Analysis of GPs containing C18:1 Δ9/Δ11 isomers in human breast cancer samples. Relative quantitation of a PCs and b PEs at subclass level between normal and cancerous breast tissue samples by LC–MS/MS (PC 15:0/15:0 and PE 15:0/15:0 used as internal standards). Relative isomer compositional analysis of C18:1 Δ9/Δ11 for c PC and d PE between normal and cancerous breast tissue samples by LC–PB–MS/MS. Differences between the two groups of samples were evaluated for statistical significance using the two-tailed student’s t test (*P < 0.05, **P < 0.01, ***P < 0.001). Each value represents the mean ± s.d. (N = 6). e Hierarchical cluster analysis based on C18:1 Δ9/Δ11 ratios of 29 pairs of PC and PE isomers in normal (N1–N6) and cancerous breast tissue samples (CA1–CA6). Colors represent different ratios as indicated by the color bar

Given the ubiquitous existence of Δ9/Δ11 isomer pair in all C18:1-containing lipids, compositional analysis was performed for 29 pairs of PC and PE isomers from normal and cancerous breast tissue samples (Supplementary Fig. 16). The t test analysis found twelve isomer pairs exhibiting significant changes (P < 0.001, average RSD = 16 ± 4%) in Δ9/Δ11 composition, including six PC pairs and six PE pairs (Fig. 3c, d and Supplementary Fig. 17). To correct false discovery, multiple testing was performed36. Significant changes were still observed for these lipid isomers, except for PC 19:0_18:1 (corrected value of −0.0005). Among those, only two overlapped with the ones exhibiting significant changes at subclass level analysis, i.e. PC 16:0_18:1 and PE 18:0_18:1. The improved differentiating power from isomer analysis largely benefited from the capability of quantifying changes from each individual C=C location isomer. For instance, C=C isomer compositional analysis revealed that PE 34:1 consisted of two C=C location isomers, PE 16:0_18:1(Δ9) and PE 16:0_18:1(Δ11) (Fig. 3d). While the total abundance of the two isomers did not show significant changes as measured at subclass level (I/IIS = 0.17 ± 0.03 in normal vs. 0.21 ± 0.04 in cancerous tissue samples, Fig. 3b), their ratios have changed significantly from normal (IΔ9/IΔ11 = 2.99 ± 0.7) to cancerous tissue samples (6.11 ± 0.7).
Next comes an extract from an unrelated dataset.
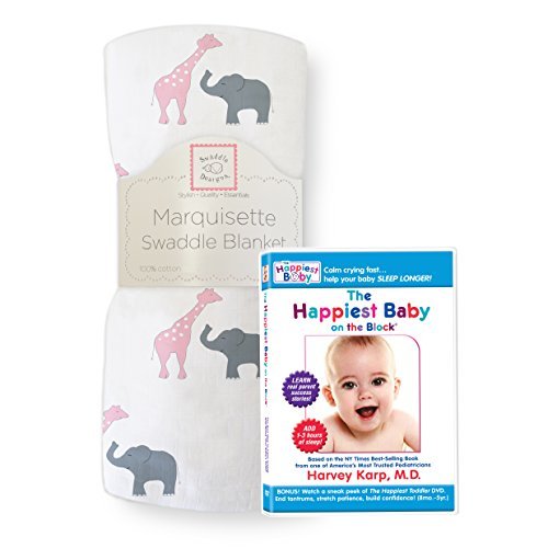 SwaddleDesigns Marquisette Swaddling Blanket Premium Cotton Muslin and The Happiest Baby DVD Bundle Pink Safari Fun [並行輸入品]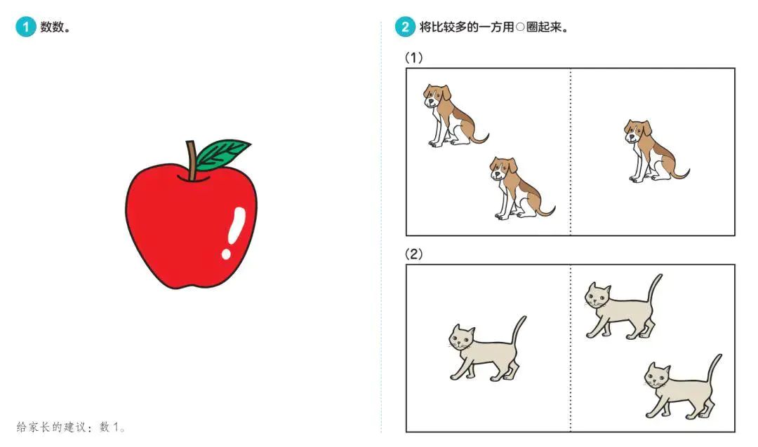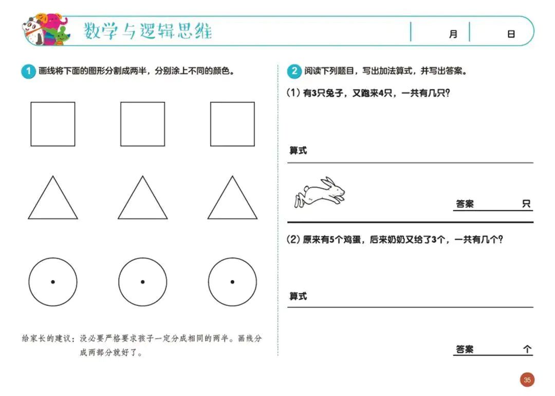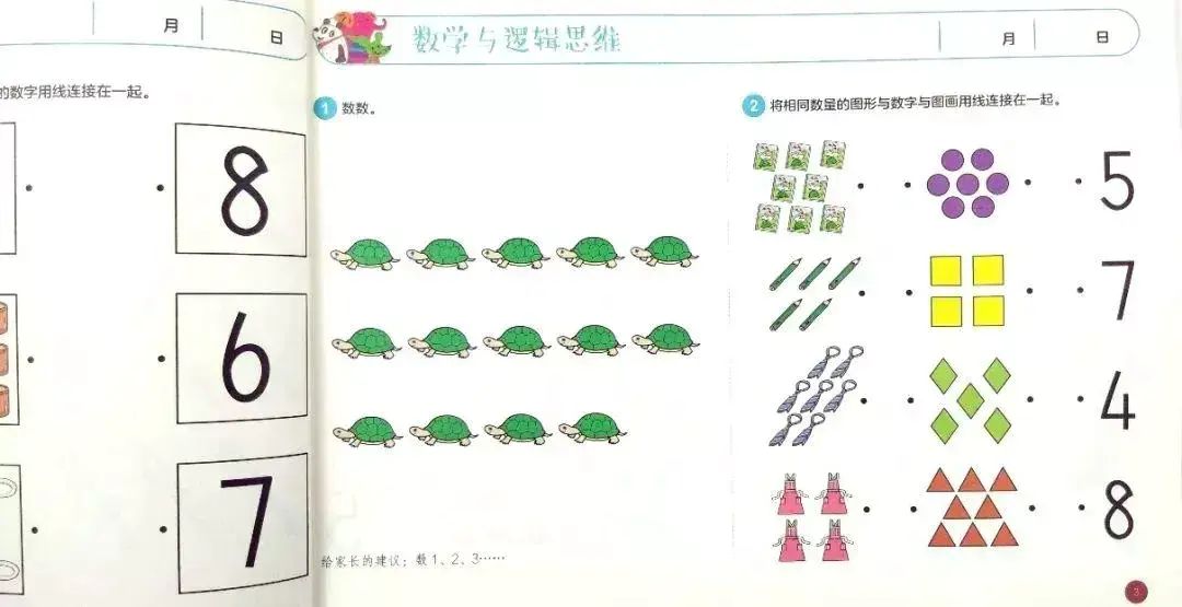 在3~4岁的分册中,孩子将认识1~20的数字,以及感知理解数和量的关系,同时还要学习的合成与分解,认知图形等。

Hierarchical cluster analysis was further employed to analyze PC and PE compositions. Data analysis based on relative quantitation (I/IIS) at subclass level failed in correctly grouping the normal and cancerous samples (Supplementary Fig. 18). As a contrast, cluster analysis of the 29 pairs of C=C location isomers correctly grouped the 12 tissue samples into normal vs. cancerous (Fig. 3e). Obviously, relative quantitation of C18:1 C=C location isomers for a wide variety of lipid species adds important capability for study of pathological states of tissues. It is worth noting that the relative ratios of Δ9/Δ11 isomers of free FA 18:1 did not show significant changes between the normal (8.9 ± 0.7, N = 6) and cancerous tissue samples (7.4 ± 0.5, N = 6) (Supplementary Figs. 19 and20), which were also close to that obtained for human plasma samples (in the range of 9–11). The above results suggest that although the free FAs and the corresponding fatty acyls in phospholipids may contain the same pair of C=C location isomers, their ratios can be quite different or even unrelated.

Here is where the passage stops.